Signs You May Need an X-Ray

Not every sprained ankle needs imaging. Doctors use a set of criteria called the Ottawa Ankle Rules to determine whether an X-ray is necessary. You likely need one if any of the following apply:

  • You can’t bear any weight on the ankle
  • You can’t take four steps, even with a limp
  • You have tenderness when pressing directly on the bony bumps on either side of the ankle (the malleoli), or on the heel bone or the bone on top of the foot

These rules are validated for adults and children over age five. They’re designed to rule out fractures, which can mimic or accompany a bad sprain. A Grade 3 sprain in particular can be difficult to distinguish from a fracture without imaging, since both involve severe swelling, bruising, and an inability to walk. If your ankle looks deformed, if the pain is getting worse rather than better after a few days, or if you still can’t put weight on it after a week, get it evaluated.

What Determines How Fast You Heal

Recovery speed depends on the grade of the sprain, how quickly you start a structured rehabilitation program, and whether you’ve sprained the same ankle before.

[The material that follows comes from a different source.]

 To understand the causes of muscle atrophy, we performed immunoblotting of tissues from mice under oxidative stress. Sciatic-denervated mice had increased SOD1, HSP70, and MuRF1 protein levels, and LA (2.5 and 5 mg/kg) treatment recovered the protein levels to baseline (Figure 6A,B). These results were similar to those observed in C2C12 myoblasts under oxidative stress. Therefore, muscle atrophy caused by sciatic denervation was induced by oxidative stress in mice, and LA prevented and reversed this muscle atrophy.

People who have had previous sprains tend to have weaker proprioception in that ankle, which makes them more likely to sprain it again and can slow recovery.

Mindset plays a measurable role as well. Patients with optimistic expectations about their recovery consistently have better outcomes. This isn’t just positive thinking; believing you’ll recover fully makes you more likely to stick with rehabilitation exercises and resume activity at an appropriate pace rather than either overdoing it or being overly cautious.

The biggest mistake people make with ankle sprains is treating them as minor injuries that don’t need rehabilitation. About 40% of people who sprain their ankle go on to develop chronic problems. A structured exercise program, particularly one that includes balance training, is the single best way to prevent that.